Это была неправда. Лизка очень любила балет. Но еще больше она любила свободу и возможность беспрепятственно, в свое удовольствие, шевелить пальцами ног.  

— Так пусть идет в сапогах, — решила я вступиться за Лизку. — Нормальные сапоги.  

— Нет, твердо сказал Олег. — Нам надо соответствовать.    

Олег возил нас по всей Москве. Наконец он мог продемонстрировать свои неограниченные возможности!  

Каждый вечер мы обедали в разных ресторанах, никогда ни интерьером, ни меню не повторяющих друг друга.  

Не смогу забыть шок своего ребенка, увидевшего в бассейне на входе в один из роскошных ресторанов очаровательного малыша-крокодильчика. Она устремилась к нему с явной целью зубастого младенца погладить, но, к счастью, двое охранников, похожие на Арнольда Шварценегера, привычно перехватили ее уже у самого бассейна. Лизка в восторге начала голосить, что хочет такого домой, в ванную, но я успела в мгновение зажать ей рот рукой, пока это не услышал Олег. Потому что тогда, кроме наличия пони в гостинной, в историю нашей квартиры было бы красными буквами вписано и наличие крокодила в душе.  

Московские театры открыли для нас свои двери, как будто до них дотронулась волшебной палочкой фея. Нас водили на такие спектакли, о посещении которых обычный командировочный может только мечтать и видели выступления настоящих легенд — драматических актеров, балерин и оперных артистов.

Старинные интерьеры театров, вечерние наряды, бриллианты … и Лизкины дутые сапоги, которые мы с ней ни смотря ни на что отстояли.  

И, конечно, «гости». Это были не финские вечеринки, где все приходят со своим спиртным и с мрачными лицами переминаются с ноги на ногу вдоль стен. Это были те настоящие русские вечеринки, о которых я уже успела забыть. С дамами, танцующими на столе и мужчинами, прикорнувшими под столом. Активно практиковавшая на заре своей юности и то, и другое, я снова почувтсвовала себя в своей тарелке и веселилась от всей души.  

«Олег и Ольга» радостно приветствовали нас в каждом доме. Лизку уводили в прекрасные детские, а мы садились за ломящиеся столы, ели, пили, пели…  

Правда, через какое-то время я начала уставать от этого бесконечного калейдоскопа человеческих лиц, меняющихся интерьеров ресторанов, других роскошных дворцов и квартир, где жили друзья Олега. Захотелось залесть с ногами в облизанное нашей старушкой кресло, взять гламурный журнал и почитать заметки о современной российской роскоши.
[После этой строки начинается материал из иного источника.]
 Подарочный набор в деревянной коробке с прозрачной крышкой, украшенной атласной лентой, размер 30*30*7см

Или хоть один вечер просидеть в загородном доме, у старинного камина, без дорогих вин, без начинающего надоедать постоянного спектакля с Олегом в главной роли — но он не останавливался ни на минуту, что-то устраивая, организовывая, несясь к себе в офис …
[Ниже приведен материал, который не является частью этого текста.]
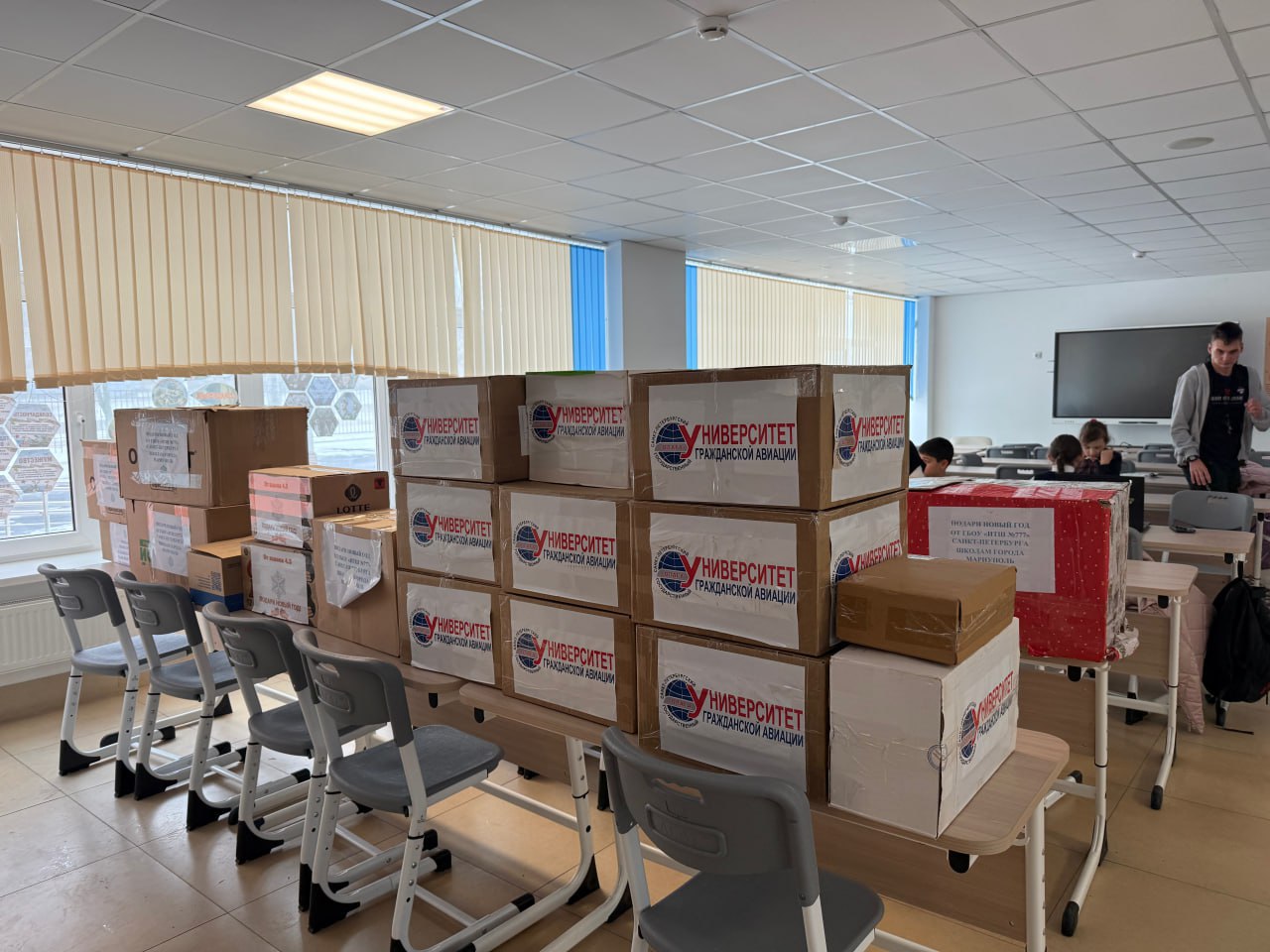 На этот раз подарки были доставлены в Невскую школу и школу №7 города Мариуполя. Ребятам были отправлены сладости, канцелярия и приятные сувениры.

Я даже забыла, когда мы в последний раз спокойно беседовали о чем-то вдвоем.  

И вдруг, как-то само собой, решилось, что мы с Лизкой переезжам в Москву. Я не давала на это никакого согласия. Конечно, иногда я задумывалась — что я делаю в этой маленькой, северной стране, пытаясь как-то удержаться на плаву, если здесь я могу получить все, что хочу и обеспечить блестящее будущее Лизке.  

В то же время, я скучала по нашему таунхаусу, по Любке с Валери, по своим соседям по офису и даже по госпоже Виртанен. И уезжать в Москву пока даже не планировала.  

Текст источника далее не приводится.